When you reach the line holding "Le sable chaud, l’eau" in the material below, return that line and each one after it, word for word, with the pictures dropped.

**GIVEN INFORMATION:**
■ ■ ■ ■
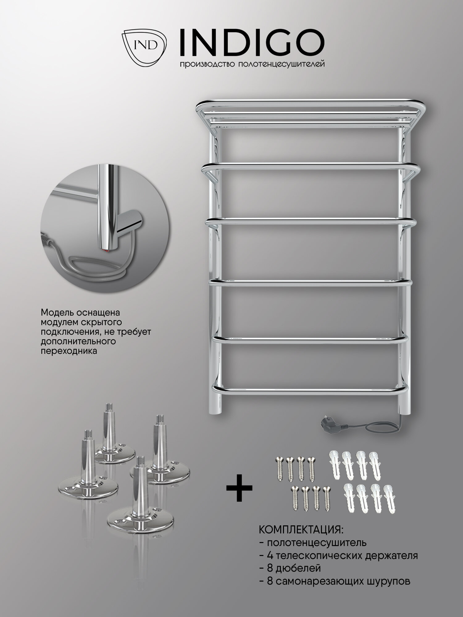 Полотенцесушитель электрический Hit INDIGO 60/50 скрытый монтаж, универсальное подключение
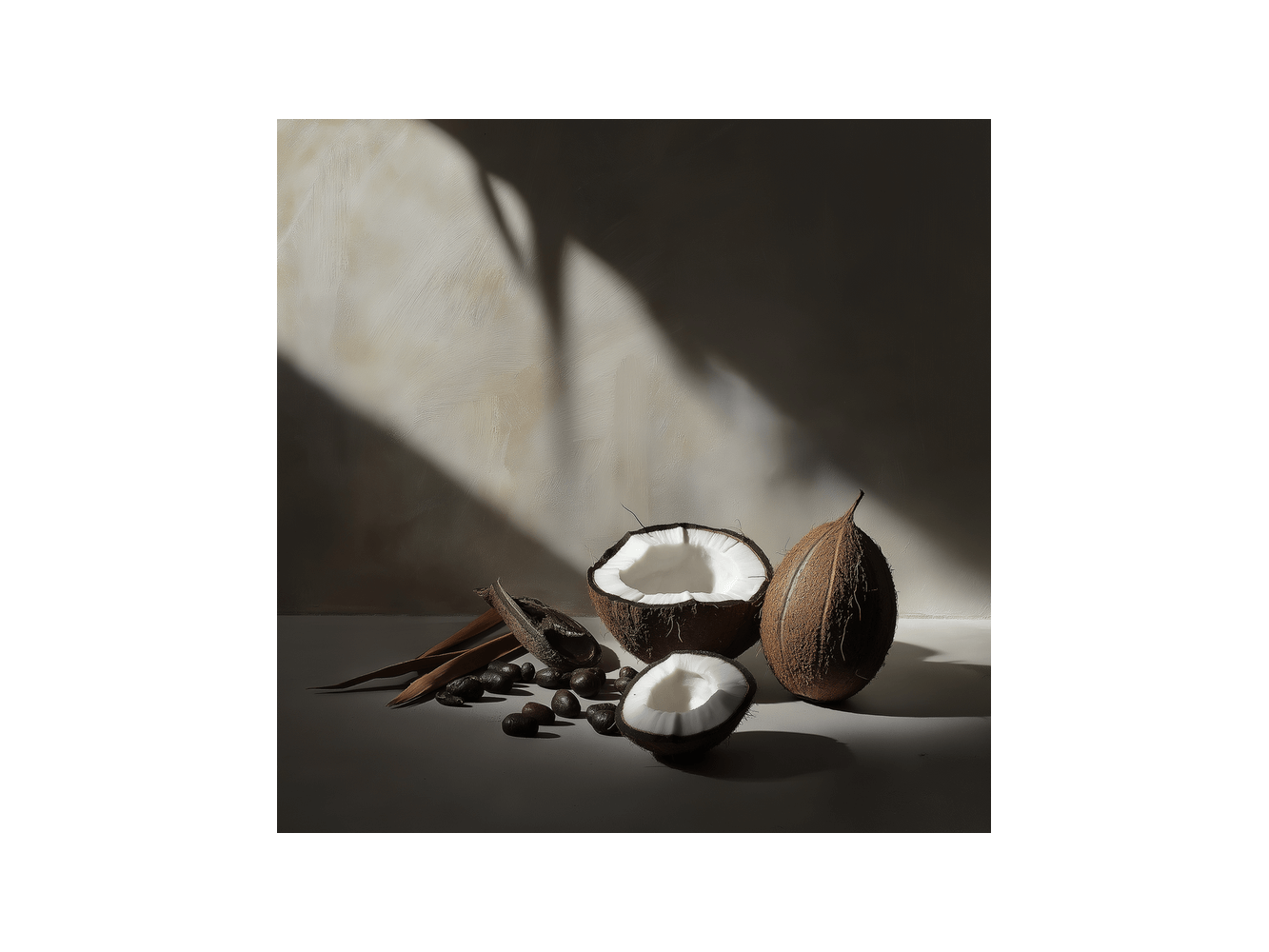 Le sable chaud, l’eau de coco, la vanille. Leurs énergies nous font glisser sur cette vague puissante. La plage, les embruns caressent les éffluves délicieux de fève tonka.
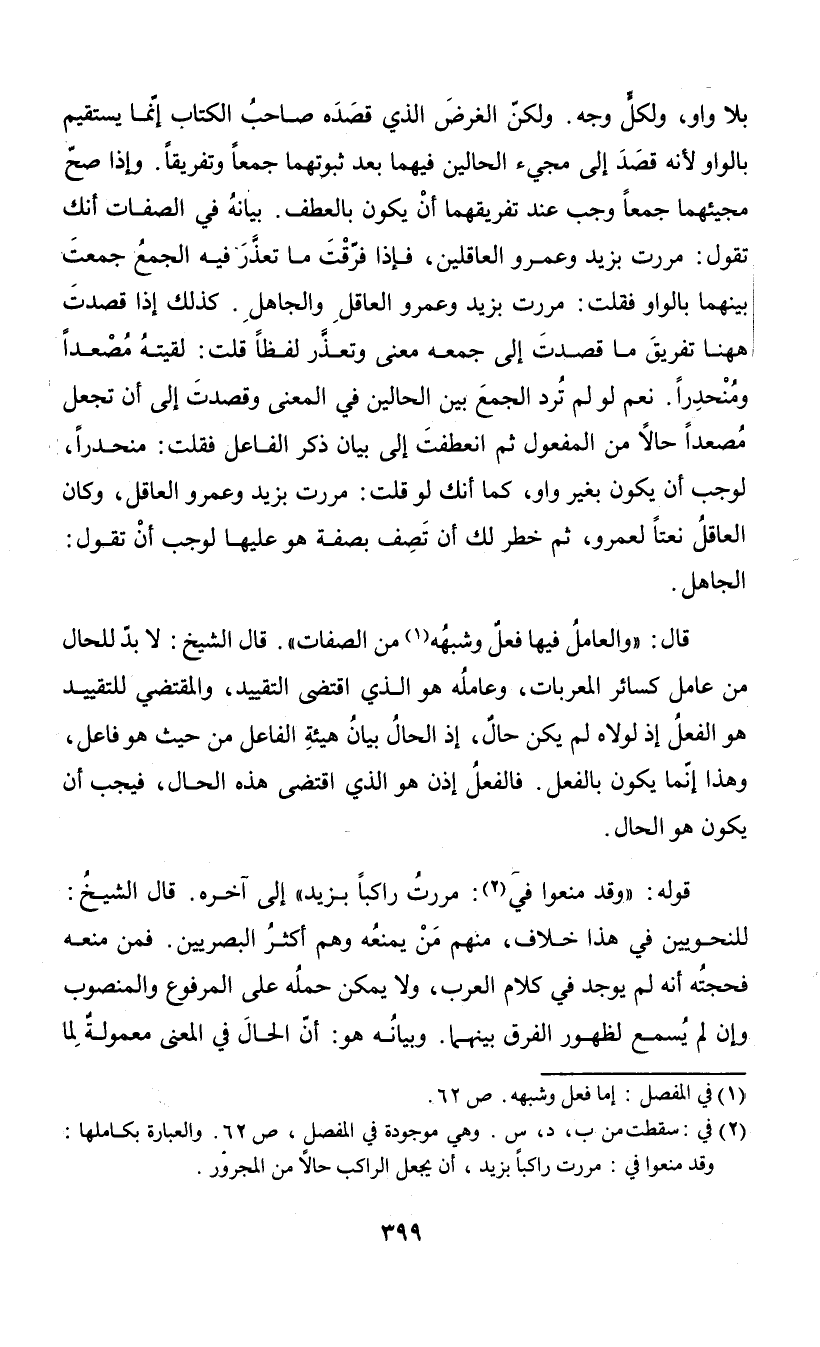 (¬2) في: سقطت من ب، د، س. وهي موجودة في المفصل، ص 62. والعبارة بكاملها: وقد منعوا في: مررت راكباً بزيد، أن يجعل الراكب حالاً من المجرور.
■ ■ ■ ■
**RESPONSE:**
 Le sable chaud, l’eau de coco, la vanille. Leurs énergies nous font glisser sur cette vague puissante. La plage, les embruns caressent les éffluves délicieux de fève tonka.
 (¬2) في: سقطت من ب، د، س. وهي موجودة في المفصل، ص 62. والعبارة بكاملها: وقد منعوا في: مررت راكباً بزيد، أن يجعل الراكب حالاً من المجرور.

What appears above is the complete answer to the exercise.